• [Data extract]:
- - - - -

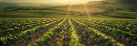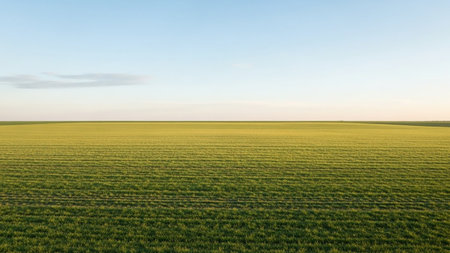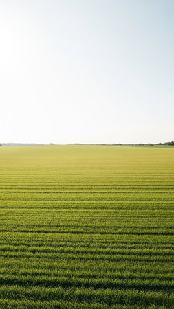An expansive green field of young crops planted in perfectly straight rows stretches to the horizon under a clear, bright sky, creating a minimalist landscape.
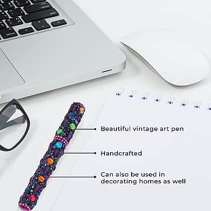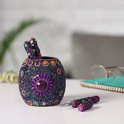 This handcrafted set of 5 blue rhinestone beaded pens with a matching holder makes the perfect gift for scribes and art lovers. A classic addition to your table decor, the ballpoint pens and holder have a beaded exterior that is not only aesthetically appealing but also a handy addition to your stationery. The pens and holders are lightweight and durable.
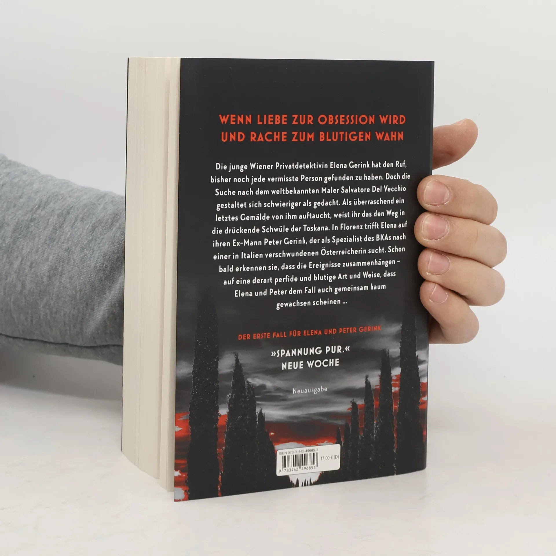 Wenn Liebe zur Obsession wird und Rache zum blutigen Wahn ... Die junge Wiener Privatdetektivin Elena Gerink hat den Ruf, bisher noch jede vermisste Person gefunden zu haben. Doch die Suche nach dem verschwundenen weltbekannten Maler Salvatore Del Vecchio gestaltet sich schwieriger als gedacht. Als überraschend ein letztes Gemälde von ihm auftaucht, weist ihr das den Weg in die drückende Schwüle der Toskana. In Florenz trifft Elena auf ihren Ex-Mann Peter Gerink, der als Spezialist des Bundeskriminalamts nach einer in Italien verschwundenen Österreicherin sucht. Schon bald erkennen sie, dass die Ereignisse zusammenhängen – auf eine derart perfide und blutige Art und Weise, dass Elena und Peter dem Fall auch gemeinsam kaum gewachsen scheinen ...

- - - - -

• [Description of the task]: The result should be every line of the data, reproduced exactly, with the images removed.

• [Exercise answer]:
An expansive green field of young crops planted in perfectly straight rows stretches to the horizon under a clear, bright sky, creating a minimalist landscape.
 This handcrafted set of 5 blue rhinestone beaded pens with a matching holder makes the perfect gift for scribes and art lovers. A classic addition to your table decor, the ballpoint pens and holder have a beaded exterior that is not only aesthetically appealing but also a handy addition to your stationery. The pens and holders are lightweight and durable.
 Wenn Liebe zur Obsession wird und Rache zum blutigen Wahn ... Die junge Wiener Privatdetektivin Elena Gerink hat den Ruf, bisher noch jede vermisste Person gefunden zu haben. Doch die Suche nach dem verschwundenen weltbekannten Maler Salvatore Del Vecchio gestaltet sich schwieriger als gedacht. Als überraschend ein letztes Gemälde von ihm auftaucht, weist ihr das den Weg in die drückende Schwüle der Toskana. In Florenz trifft Elena auf ihren Ex-Mann Peter Gerink, der als Spezialist des Bundeskriminalamts nach einer in Italien verschwundenen Österreicherin sucht. Schon bald erkennen sie, dass die Ereignisse zusammenhängen – auf eine derart perfide und blutige Art und Weise, dass Elena und Peter dem Fall auch gemeinsam kaum gewachsen scheinen ...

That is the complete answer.